The Obama White House seems blithely unaware that one of America’s most important partners in the struggle to defeat the Islamic State (ISIS) and alleviate the refugee crisis in Europe—Turkey, a member of NATO—is on the brink of a political meltdown that could end its experiment in liberal democracy.
The massive suicide bombing in Ankara last month that killed 97 people and injured hundreds more—the worst terrorist attack in modern Turkish history—revealed a bitterly divided society. Though ISIS was immediately suspected in the attack, opposition leaders blamed the government of Prime Minister Ahmet Davutoglu and his Islamist Justice and Development Party (AKP). The prime minister, lambasting his opponents, was criticized for offering muted sympathy for the victims of the assault.
The results of the Nov. 1 snap parliamentary elections—held because the AKP failed to form a coalition government following national elections in June—are unlikely to reverse the downward spiral. Although the AKP has recaptured its majority in parliament, gaining 49 percent of the vote, its governing style has alienated huge segments of the population.
Turkey analysts should not have been surprised by the rancor and recriminations in the wake of what is being called “Turkey’s 9/11.” Thirteen years of political dominance by the AKP have brought with it the demonization of political opponents, an erosion in the rule of law, a crackdown on media criticism, and an increasingly Islamist vision imposed upon Turkey’s secular democracy.
When I was in Istanbul for the June 7 elections, I learned of widespread fears that the AKP’s president, Recep Tayyip Erdogan, intended to use his parliamentary majority to convert Turkey into a Putin-style autocracy. Bolstered by the November elections, Erdogan is pledging to amend the constitution to shift the parliament’s executive powers to his office. Whether or not he succeeds, the AKP’s Islamist agenda already has poisoned the political climate and further divided a nation already struggling with its cultural identity.
“This is the most fatal terror attack on Turkey in its history,” Ziya Miral, a Turkish academic living in London, told the New York Times. “And the fact that we cannot come together as a country at the moment and mourn for the loss of our citizens is deeply saddening.”
That feeling was echoed by other Turkey observers, including Burak Kadercan of the United States Naval War College. “As spectators of Turkish politics, we are currently watching an end-to-end pileup in slow motion.” Soner Cagaptay, an analyst at the Washington Institute for Near East Policy, published a book last year called The Rise of Turkey: The Twenty-First Century’s First Muslim Power, extolling Turkey’s political and economic accomplishments over the last decade. Now Cagaptay worries that the country is “about to come apart at the seams.”

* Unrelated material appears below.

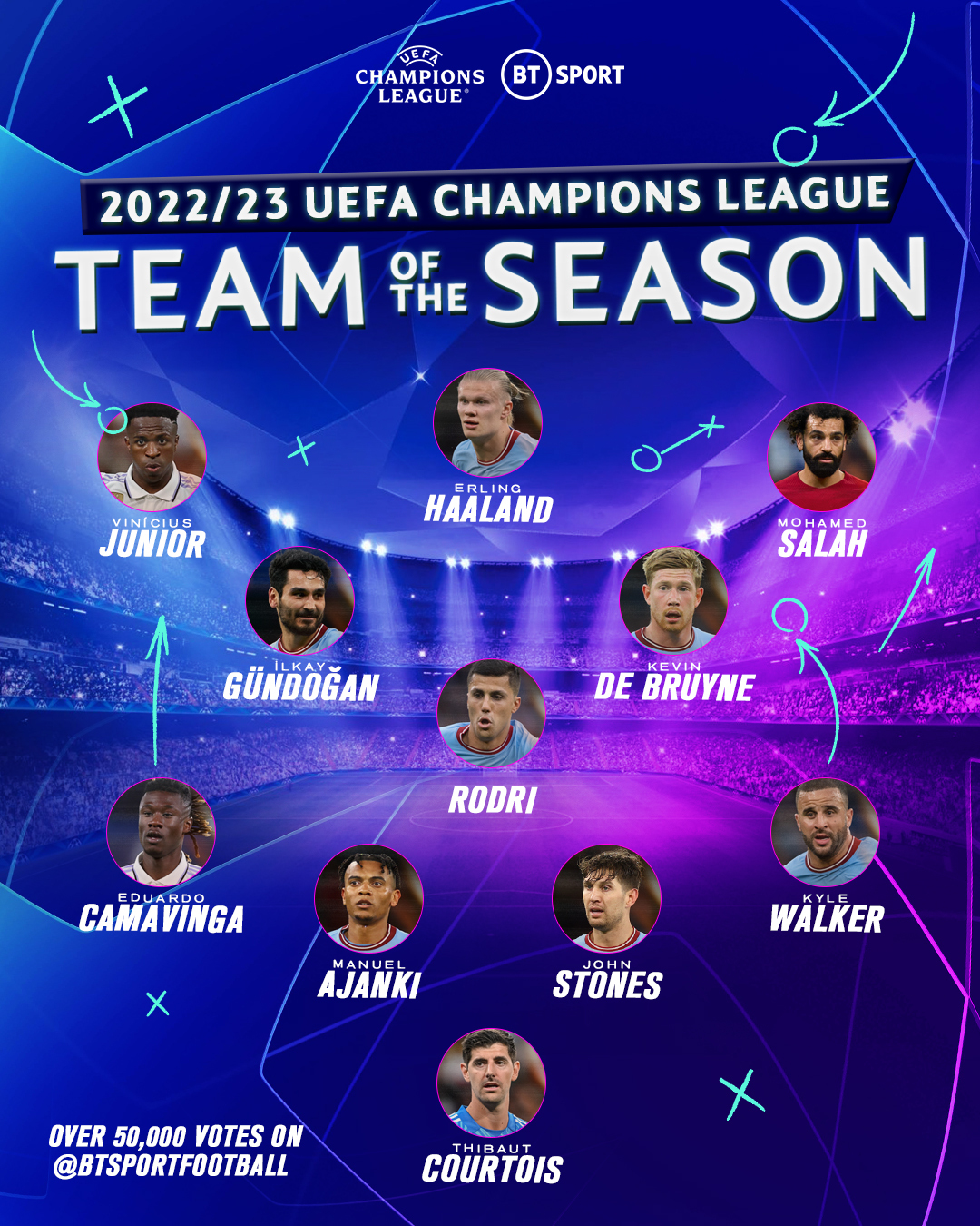 وجاء التشكيل المثالي لدوري أبطال أوروبا 2023 كالتالي:

The question now is whether anyone in the Obama Administration is paying attention to Turkey’s potential descent into chaos.

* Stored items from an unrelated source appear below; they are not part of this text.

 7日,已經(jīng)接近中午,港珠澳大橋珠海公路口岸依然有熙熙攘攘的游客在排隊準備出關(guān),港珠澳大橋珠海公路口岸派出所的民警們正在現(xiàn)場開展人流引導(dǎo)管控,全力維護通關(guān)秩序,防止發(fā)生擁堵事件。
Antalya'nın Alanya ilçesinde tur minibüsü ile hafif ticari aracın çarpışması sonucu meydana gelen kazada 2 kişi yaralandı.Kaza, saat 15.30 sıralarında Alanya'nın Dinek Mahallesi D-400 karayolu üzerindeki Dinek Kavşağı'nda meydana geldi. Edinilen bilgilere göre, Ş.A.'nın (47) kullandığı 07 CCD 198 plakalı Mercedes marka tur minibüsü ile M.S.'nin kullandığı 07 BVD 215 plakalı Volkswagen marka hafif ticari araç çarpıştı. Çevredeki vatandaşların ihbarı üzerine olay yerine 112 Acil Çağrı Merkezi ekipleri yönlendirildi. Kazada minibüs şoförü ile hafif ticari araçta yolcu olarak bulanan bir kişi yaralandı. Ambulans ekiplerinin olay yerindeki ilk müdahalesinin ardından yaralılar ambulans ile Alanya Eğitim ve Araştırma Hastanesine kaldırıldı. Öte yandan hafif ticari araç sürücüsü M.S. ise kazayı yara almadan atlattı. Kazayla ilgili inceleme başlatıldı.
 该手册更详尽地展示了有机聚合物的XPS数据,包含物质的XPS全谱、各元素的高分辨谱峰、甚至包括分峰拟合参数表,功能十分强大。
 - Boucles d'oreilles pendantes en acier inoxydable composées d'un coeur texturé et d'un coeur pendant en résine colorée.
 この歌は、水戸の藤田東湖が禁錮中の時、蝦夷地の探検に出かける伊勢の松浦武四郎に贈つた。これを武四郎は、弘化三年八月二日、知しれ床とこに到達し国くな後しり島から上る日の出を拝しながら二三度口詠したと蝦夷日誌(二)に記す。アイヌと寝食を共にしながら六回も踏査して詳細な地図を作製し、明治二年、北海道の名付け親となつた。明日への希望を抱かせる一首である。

President Obama offered his “deepest personal sympathies” after the Ankara attack and expressed “solidarity” with Turkey in the fight against terrorism. Yet surely much more is required: under Article Five of the North Atlantic Treaty, a terrorist attack against a fellow NATO member is considered an attack on all members. It triggers active military cooperation against a common enemy.
Mr. Obama, for all of his braggadocio about leading a “fifty-three member coalition” against ISIS, has done nothing to set the stage for such cooperation. He has failed to offer a realistic military strategy to defeat ISIS. And thus he has failed to persuade Turkey—the most important potential military partner in the region—to meaningfully engage in the war on radical Islam. (Turkey’s belated decision over the summer to authorize air strikes against targets in Syria remains deeply unpopular.)

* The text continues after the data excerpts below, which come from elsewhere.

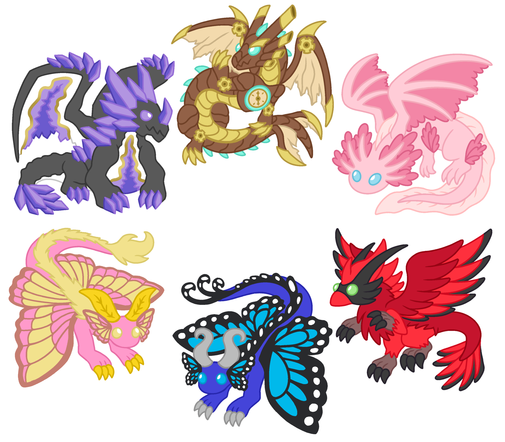 Original designs of cute dragons, now available as cute 3 inch vinyl stickers! All also feature Glitter accents! Axolotl Dwagon, Geode Dwagon, Steampunk Dwagon, Cardinal Dwagon, Rosy Maple Moth Dwagon, and Morpho Butterfly Dwagon!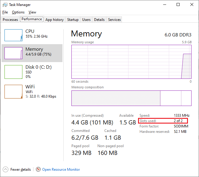 للتحقق من ذلك ادخل إلى مُدير المهام Task Manager وانتقل لنافذة Performance وانتبه للمعلومات الخاصة بالرام الموجودة في الأسفل. بجانب Slots Used يمكنك معرفة عدد المنافذ المتاحة وعدد المستخدم منها.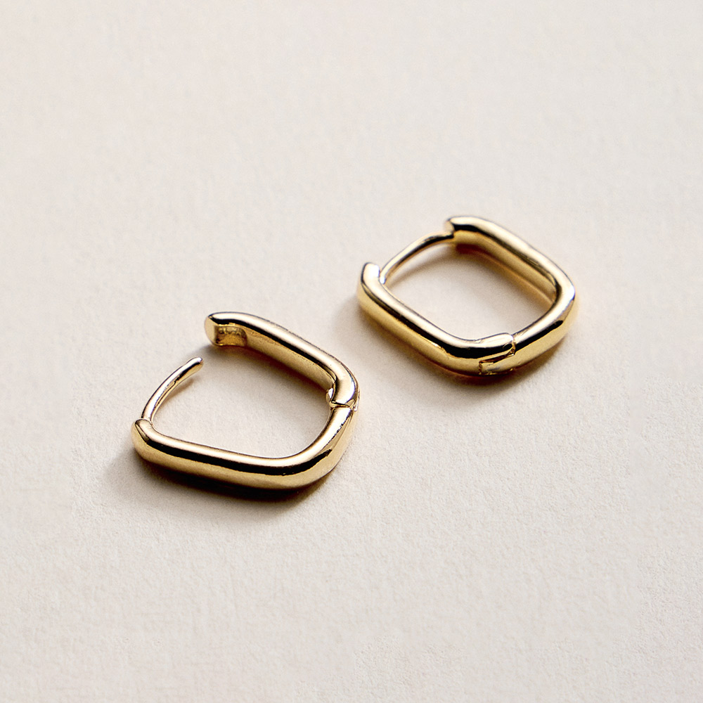 • Sleek rectangular huggie earrings designed for a clean, modern look with subtle structure. Compact and lightweight, they offer easy wear and a polished finish that pairs effortlessly with casual or refined outfits, perfect for daily styling, layering, or a minimalist jewelry collection.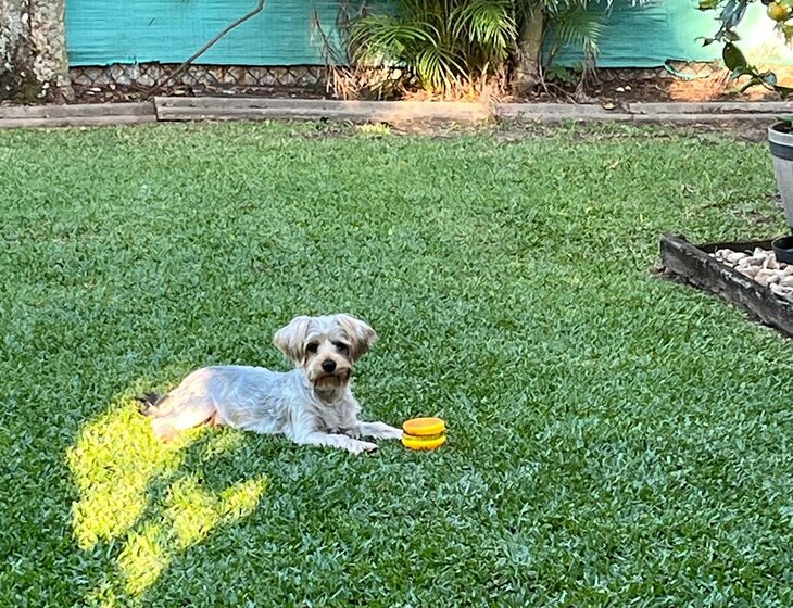 Our wee dog, Ruby loves walking every day. Ruby loves being inside but also loves playing outside in the yard

Meanwhile, the refugee crisis in Syria and Iraq is putting new strains on Turkish society. Turkey has taken in more than two million Syrian refugees—virtually none of whom speak Turkish—in addition to hundreds of thousands of Iraqis and Afghanis. Without Turkey acting as a safety valve, the European refugee problem would become an unimaginable crisis. Nevertheless, Turkey’s finance minister recently derided an aid package from the European Union as “unacceptable.” The Obama administration has repeatedly rejected Ankara’s plea to create a “no-fly zone” in northern Syria, which would resettle some refugees and take pressure off of Turkey.
Mr. Obama’s self-styled commitment to “multilateralism” hasn’t kept him from alienating or ignoring much-needed allies. If Turkey squanders its achievement as a stable, Muslim-majority democracy, virtually every problem facing the United States in the Middle East will become exponentially more difficult to solve.